**Task to carry out**
Give the entries again exactly, without pictures.

# # # #

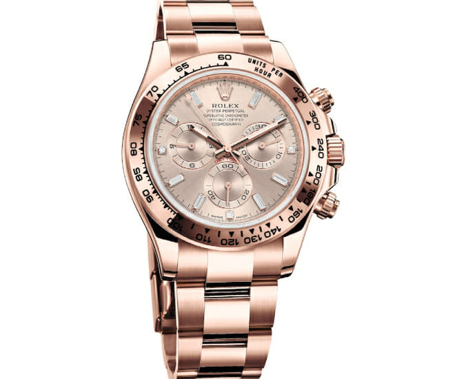 Oyster Perpetual Cosmograph Daytona en or Everose 18 ct, avec un cadran sundust, serti de diamants et un bracelet Oyster.
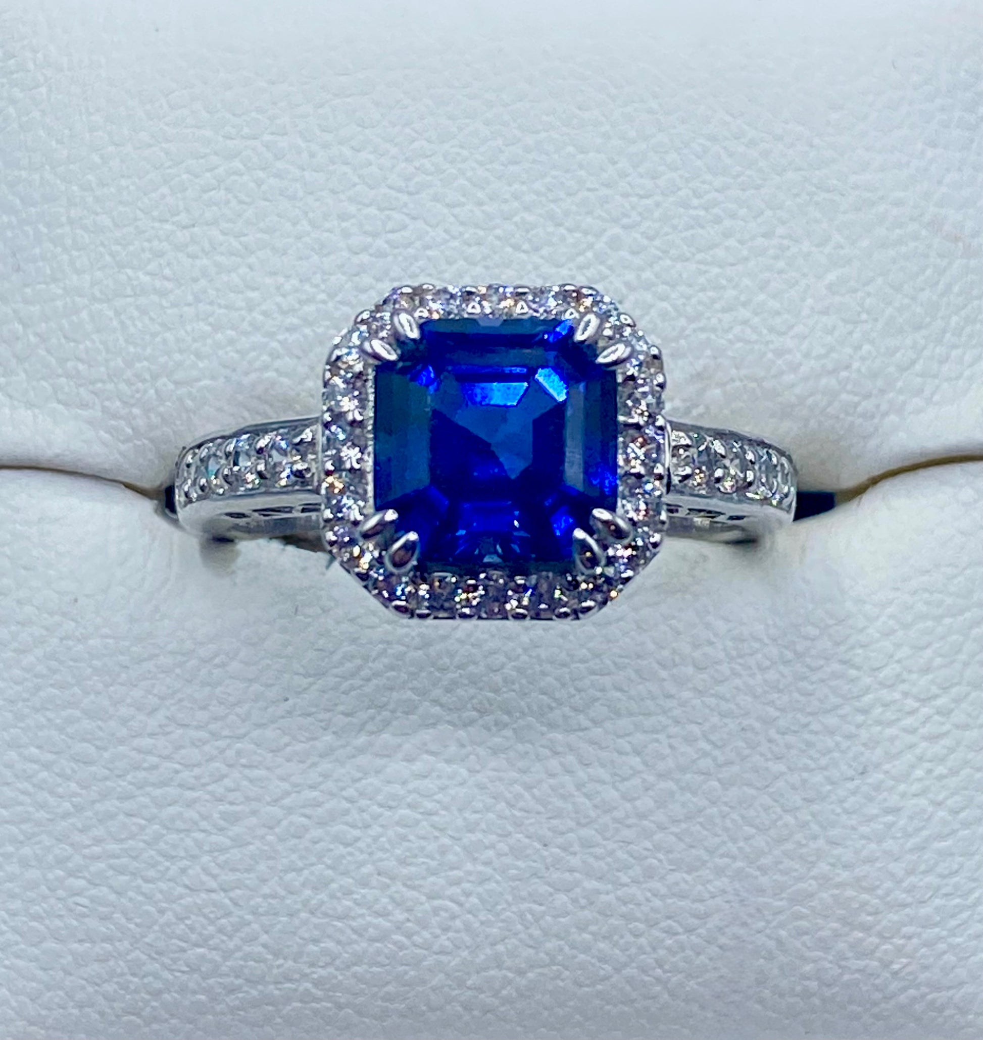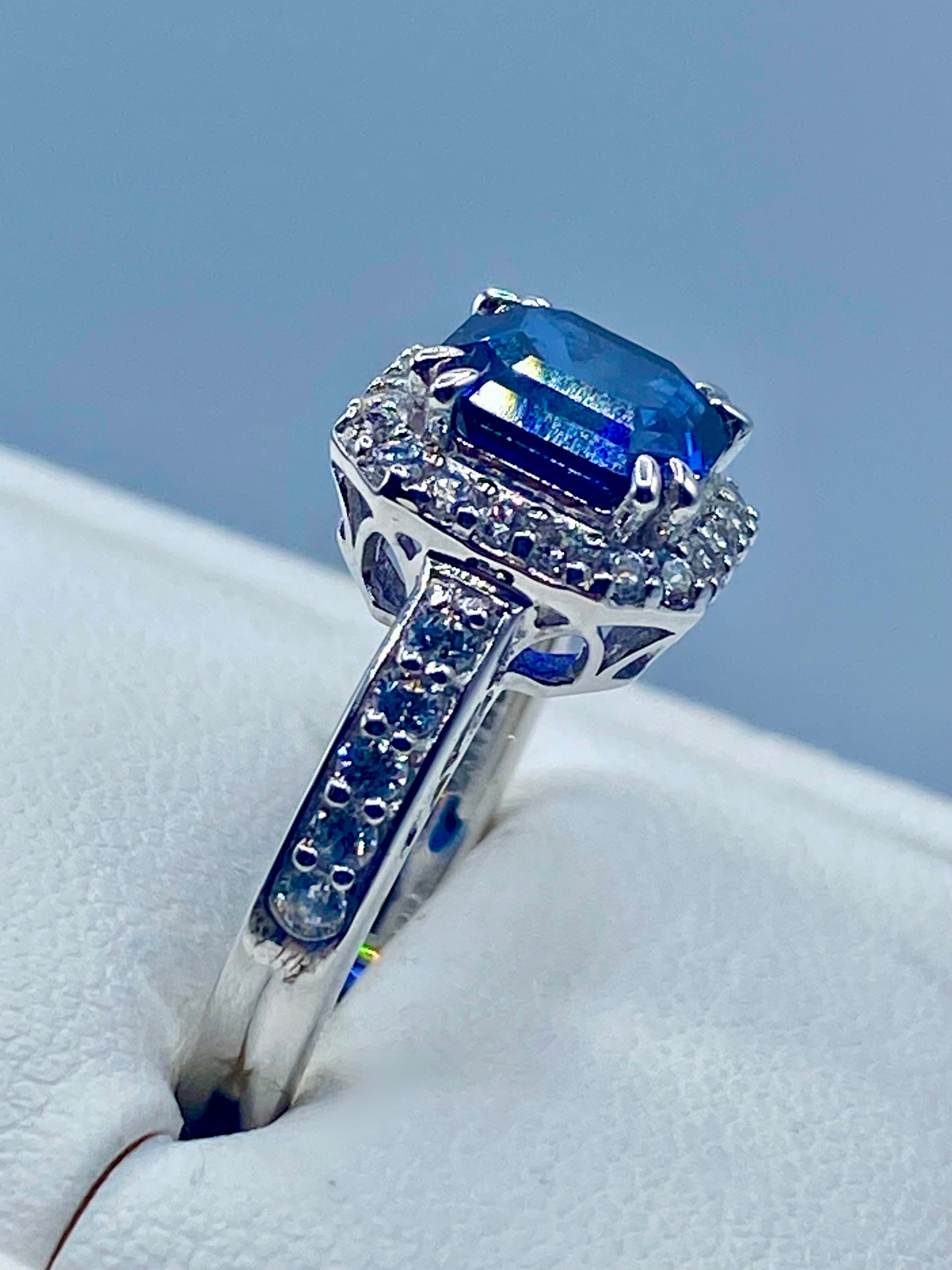 Sterling Silver Dark Blue Square Sapphire & CZ Ring
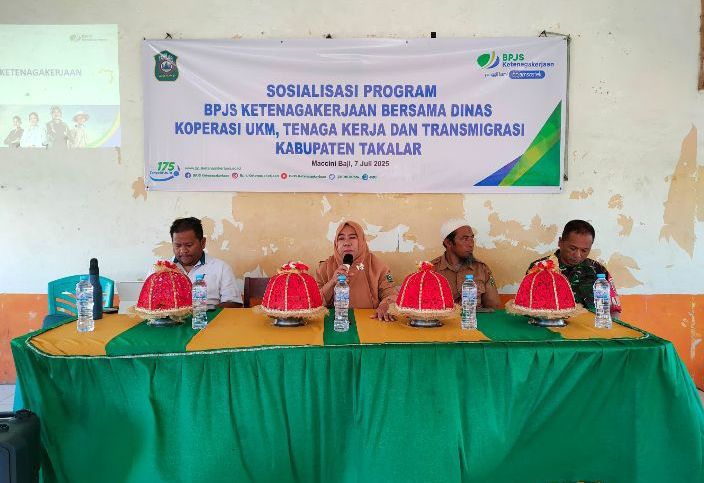 Di tempat yang sama Mappaselleng.SE.MM kepala seksi penyiapan pembangunan pemukiman transmigrasi Dinas koperasi UKM tenaga kerja dan transmigrasi Kabupaten Takalar, mendampingi Kadis UMKM Ketenagakerjaan dan Transmigrasi menyampaikan, bahwa Kegiatan ini merupakan wujud nyata kepedulian Pemerintah agar masyarakat pekerja bisa mendapatkan hak Jaminan Sosialnya, dan Sosialisasi ini tentunya sebagaimana yang diatur dalam UU BPJS Ketenagakerjaan, atau Undang-Undang Nomor 24 Tahun 2011 tentang Badan Penyelenggara Jaminan Sosial (BPJS), yang mengatur tentang pembentukan BPJS Ketenagakerjaan sebagai badan hukum publik yang menyelenggarakan program jaminan sosial ketenagakerjaan bagi seluruh pekerja di Indonesia,” terangnya.
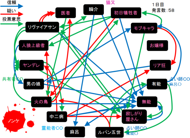 瞬介「1日目は医者(人狼候補)を処刑した。医者は人狼ではないだろうなあ。医者に投票をした寂しがり屋さん、リア狂あたりが怪しいかな?」
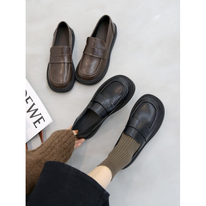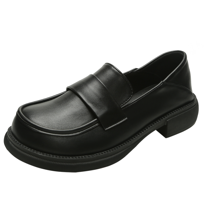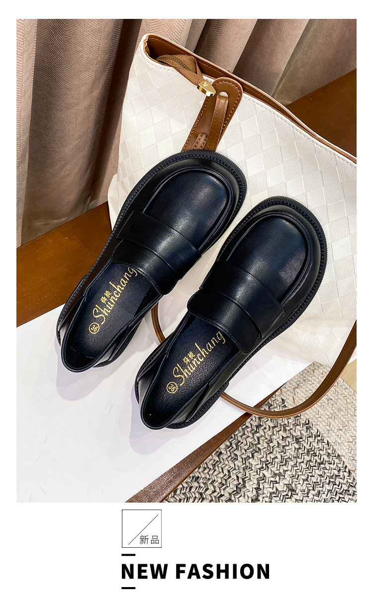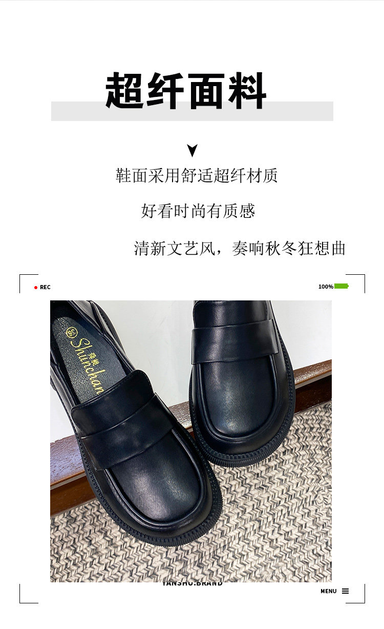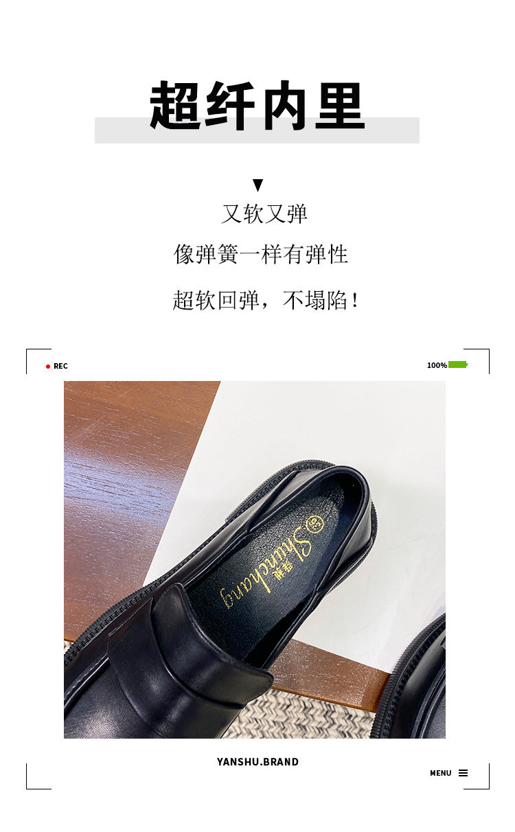 帥氣厚底小皮鞋女粗跟2025新品英倫風軟皮軟底豆豆樂福鞋33到46碼
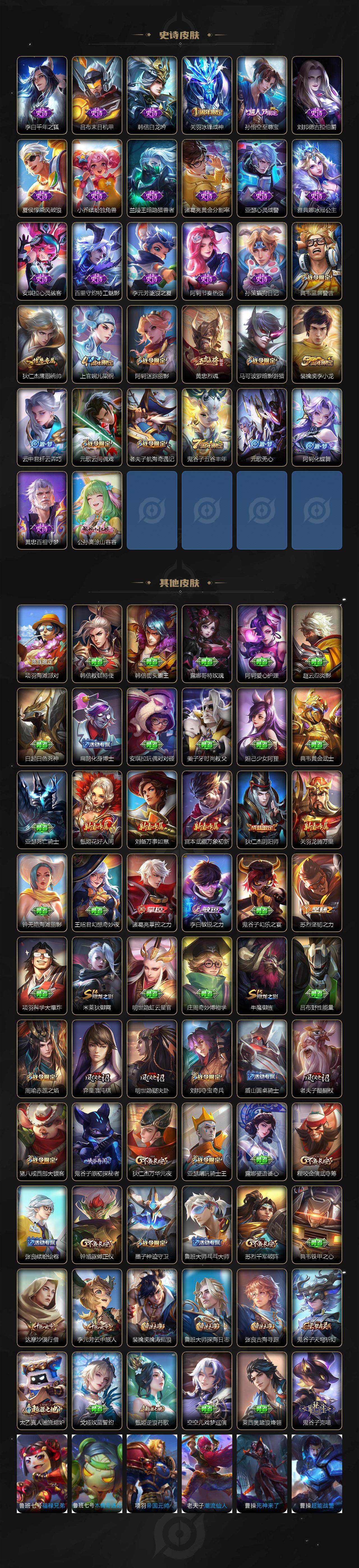 【史诗皮肤】:鲁班七号电玩小子,露娜紫霞仙子,赵云皇家上将,貂蝉圣诞恋歌,狄仁杰魔术师,宫本武藏鬼剑武藏,孙尚香蔷薇恋人,孙尚香水果甜心,妲己魅力维加斯,墨子龙骑士,吕布圣诞狂欢,曹操幽灵船长,李白千年之狐,吕布末日机甲,韩信白龙吟,关羽冰锋战神,孙悟空至尊宝,刘邦德古拉伯爵,夏侯惇乘风破浪,小乔缤纷独角兽,兰陵王暗隐猎兽者,诸葛亮黄金分割率,亚瑟心灵战警,雅典娜冰冠公主,安琪拉心灵骇客,百里守约特工魅影,李元芳逐浪之夏,阿轲节奏热浪,孙策猫狗日记,典韦蓝屏警告,狄仁杰鹰眼统帅,上官婉儿梁祝,阿轲迷踪丽影,黄忠烈魂,马可波罗暗影游猎,裴擒虎李小龙,云中君纤云弄巧,元歌云间偶戏,老夫子航海奇遇记,鬼谷子五谷丰年,元歌无心,阿轲化蝶舞,黄忠百相守梦,公孙离涂山容容

# # # #

**Response below**
 Oyster Perpetual Cosmograph Daytona en or Everose 18 ct, avec un cadran sundust, serti de diamants et un bracelet Oyster.
 Sterling Silver Dark Blue Square Sapphire & CZ Ring
 Di tempat yang sama Mappaselleng.SE.MM kepala seksi penyiapan pembangunan pemukiman transmigrasi Dinas koperasi UKM tenaga kerja dan transmigrasi Kabupaten Takalar, mendampingi Kadis UMKM Ketenagakerjaan dan Transmigrasi menyampaikan, bahwa Kegiatan ini merupakan wujud nyata kepedulian Pemerintah agar masyarakat pekerja bisa mendapatkan hak Jaminan Sosialnya, dan Sosialisasi ini tentunya sebagaimana yang diatur dalam UU BPJS Ketenagakerjaan, atau Undang-Undang Nomor 24 Tahun 2011 tentang Badan Penyelenggara Jaminan Sosial (BPJS), yang mengatur tentang pembentukan BPJS Ketenagakerjaan sebagai badan hukum publik yang menyelenggarakan program jaminan sosial ketenagakerjaan bagi seluruh pekerja di Indonesia,” terangnya.
 瞬介「1日目は医者(人狼候補)を処刑した。医者は人狼ではないだろうなあ。医者に投票をした寂しがり屋さん、リア狂あたりが怪しいかな?」
 帥氣厚底小皮鞋女粗跟2025新品英倫風軟皮軟底豆豆樂福鞋33到46碼
 【史诗皮肤】:鲁班七号电玩小子,露娜紫霞仙子,赵云皇家上将,貂蝉圣诞恋歌,狄仁杰魔术师,宫本武藏鬼剑武藏,孙尚香蔷薇恋人,孙尚香水果甜心,妲己魅力维加斯,墨子龙骑士,吕布圣诞狂欢,曹操幽灵船长,李白千年之狐,吕布末日机甲,韩信白龙吟,关羽冰锋战神,孙悟空至尊宝,刘邦德古拉伯爵,夏侯惇乘风破浪,小乔缤纷独角兽,兰陵王暗隐猎兽者,诸葛亮黄金分割率,亚瑟心灵战警,雅典娜冰冠公主,安琪拉心灵骇客,百里守约特工魅影,李元芳逐浪之夏,阿轲节奏热浪,孙策猫狗日记,典韦蓝屏警告,狄仁杰鹰眼统帅,上官婉儿梁祝,阿轲迷踪丽影,黄忠烈魂,马可波罗暗影游猎,裴擒虎李小龙,云中君纤云弄巧,元歌云间偶戏,老夫子航海奇遇记,鬼谷子五谷丰年,元歌无心,阿轲化蝶舞,黄忠百相守梦,公孙离涂山容容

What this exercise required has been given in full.